E non è raro, paradossalmente,  che da parte di diversi datori di lavoro si faccia poco o nulla per trattenere i lavoratori, come se le risorse umane fossero comunque facilmente e perfettamente sostituibili (un numero tra i tanti), nella ormai erronea convinzione che per uno che se ne va ce ne siano sempre dieci pronti a prendere il suo posto alle medesime condizioni.

Ovviamente ci vanno di mezzo i servizi. Per questo – concludono i rappresentanti di Fp Cgil – da tempo parliamo di alleanza tra i cittadini e i lavoratori e riteniamo che non sia più rimandabile una saldatura tra chi riceve cure e assistenza e chi le somministra. E pensiamo che su questa alleanza  sia necessario investire con sempre maggiore decisione, proprio perché ne va della tenuta stessa del sistema, della comunità.

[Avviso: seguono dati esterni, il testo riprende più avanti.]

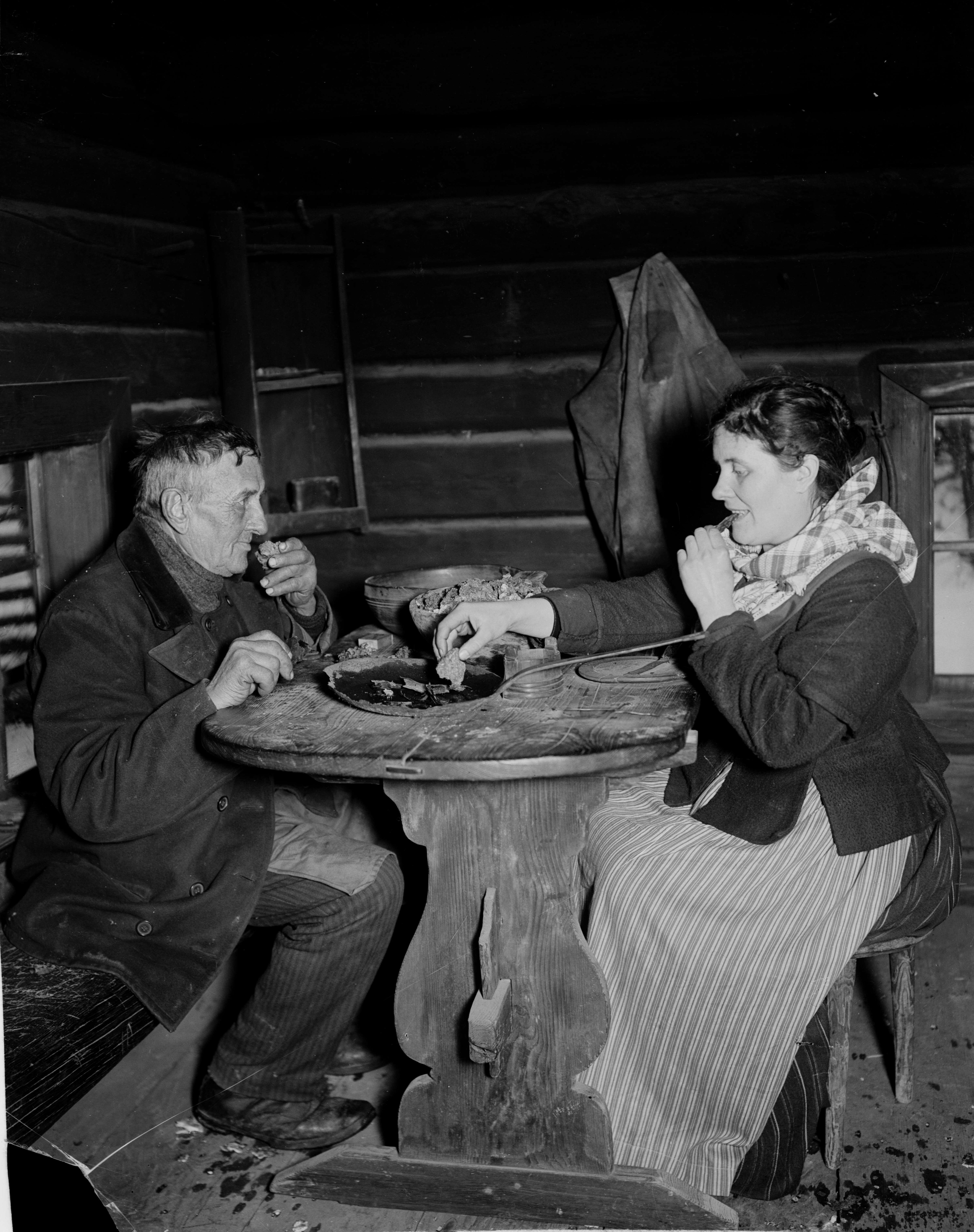 Eating porridge and fried pork in a Värmland-Finnish smokehouse. The pork pieces are dipped in the frying pan, and for each mouthbite of porridge goes a piece of pork held in the other hand. Behind the pan is the porridgecup and at the back of the table a turned wooden barrel of milk to enjoy for dessert.

Le politiche che negli ultimi 15-20 anni hanno demonizzato il sistema pubblico, indebolendolo fin quasi alla morte  per favorire l’impresa privata, hanno portato disorganizzazione e frammentazione con la conseguente incapacità del sistema di rispondere ai bisogni.

Occorre una seria revisione della disciplina degli accreditamenti, alla luce della condizione molto cambiata dell’utenza che accede alle strutture, ma occorre che  i cittadini fruitori dei servizi si muovano insieme ai lavoratori che li erogano, dalla stessa parte, comprendendo le ragioni dei disservizi e proponendo insieme soluzioni».